Aujourd’hui encore, la reine d’Angleterre est le chef d’État et son buste se retrouve sur les billets de banque. Mais l’affaire est un peu plus complexe. Les Pères de la Confédération comme on appelle les chevilles ouvrières du traité qui fête ses 150 ans cette année ont en fait créé une fédération. L’autonomie des provinces n’a rien à voir avec celle des cantons suisses. Le grand dessein à l’époque était de créer une structure capable de supporter le projet d’un train reliant l’océan Atlantique à l’océan Pacifique.

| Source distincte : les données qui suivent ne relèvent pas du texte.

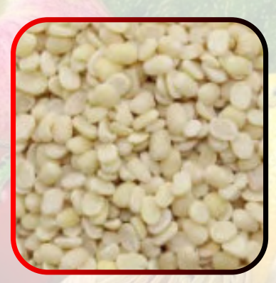
URAD DAL SPLIT

Ce ne fut pas la seule ambiguïté de l’Acte de l’Amérique du Nord britannique. Longtemps, les francophones ont défendu le mythe de deux nations fondatrices avant que Pierre-Eliott Trudeau, le père du premier ministre actuel, ne jette par-dessus bord cette vision qui a laissé place à des provinces bien soumises à l’État fédéral.

Les velléités indépendantistes du Québec étant mortes avec l’échec du référendum de 1995, même si quelques répliques secondaires ont tenté de raviver la flamme, aujourd’hui, le Canada peut fêter ses 150 ans sans les contestations du centenaire. Seule l’indifférence ternit un peu la fête, la plupart des Québécois ne sachant pas vraiment ce qu’il fête.

Les parcs nationaux sont gratuits, de nombreuses manifestations profitent du label « 150 » et tout va pour le mieux dans ce beau pays qu’est le Canada. Seules les Premières Nations ternissent un peu la belle unanimité. Ils refusent de s’associer à la fête et c’est bien normal. Ils n’ont eu aucune place dans le traité qui réglait la vie sur leur territoire ancestral.